Our analysis identifies five human values, philosophies, and needs that motivate the architecture: human decision authority, safety, security, and privacy, reliable execution, capability amplification, and contextual adaptability.
We then trace them through thirteen design principles to implementation choices.
The core of the system is a simple while-loop that calls the model, runs tools, and repeats.

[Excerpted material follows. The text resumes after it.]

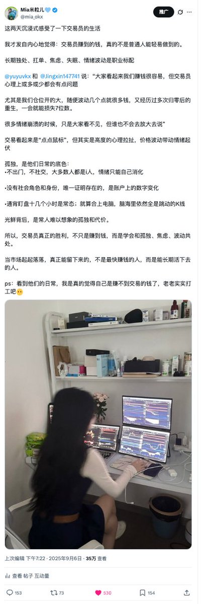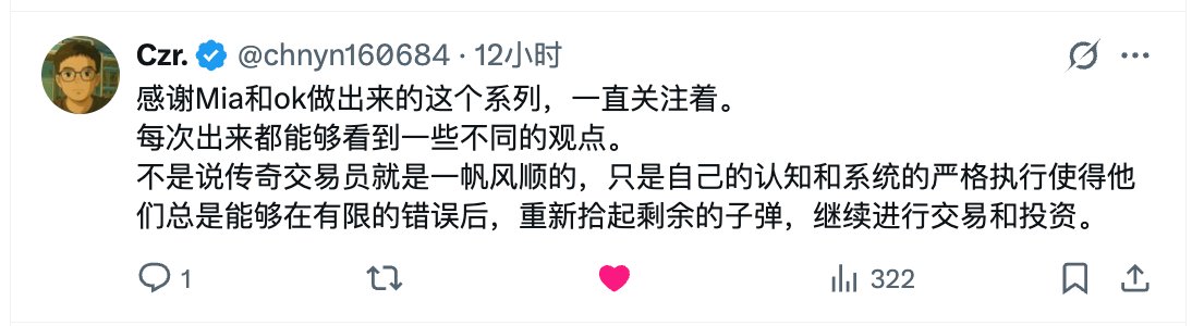 从今年一月到现在,已经做了快40期采访了 但《对话交易员》这六期深度访谈,是我印象最深刻的 在每一场对谈都1-2个小时的时间里,提到过去的经历,不止一位交易员在访谈当中哽咽,以及需要多次停下调整心情再继续 作为一个甚至没有经历过熊市的web3新人,我不知道交易到底是一条多难的路 我只知道身边赚钱故事太多,让大家都觉得暴富这个事情轻而易举,而让很多人失去了对于市场的敬畏 和他们成为朋友,深度了解他们的生活之后,我写下了那篇《交易员的心理问题》,引起了大量的共鸣 你们所看到的一夜暴富,其实都是经历了无数个独自崩溃的深夜熬过来的,5年、10年如一日的孤独与坚持,无一例外的经历过高强度的系统性的读书与学习 所以做采访不是为了宣扬暴富故事,而是希望大家能看到这些成功者的来时路 在这个过程中不乏有迷茫和失败的时候,看看他们迷茫时如何找寻胜利方向,以及失败时我们能从中吸取的教训 当然也能在你快要放弃时给你打一针强心剂,或是想要入场时,先看看自己是否能承担这样的折磨与寂寞,是否具备这样的强大内心 最后,放一句我的采访开场: 欢迎来到 OKX《对话交易员》系列。 在这里,我们将采访100位知名交易员,和他们一起聊聊 从第一笔交易的心跳,到交易策略的逻辑,再到市场周期的起伏。 每一位交易员背后,都有独特的故事和方法论。 有人在一夜之间归零,也有人逆风翻盘; 有人靠盘感操作,有人坚持系统。 但他们都有一个共同点:在市场的波动中活下来,并找到属于自己的胜利方式。 感谢大家喜欢,我会一直坚持做下去,第一目标 对话100位交易员!

Most of the code, however, lives in the systems around this loop: a permission system with seven modes and an ML-based classifier, a five-layer compaction pipeline for context management, four extensibility mechanisms (MCP, plugins, skills, and hooks), a subagent delegation and orchestration mechanism, and append-oriented session storage.
Comparisons with OpenClaw and Hermes Agent show that the same design questions produce different answers across three deployment contexts.
Claude Code emphasizes per-action safety, OpenClaw emphasizes perimeter-level access, and Hermes renders per-action approvals across many surfaces.
At the runtime layer, Claude Code uses a single CLI loop, OpenClaw embeds the runtime within a gateway control plane, and Hermes uses one process whose role is set by its entry point.
At the context and extension layer, Claude Code extends the context window, OpenClaw registers gateway-wide capabilities, and Hermes provides pluggable memory and model backends.
We finally identify six open design directions for future agent systems, grounded in recent empirical, architectural, and policy literature.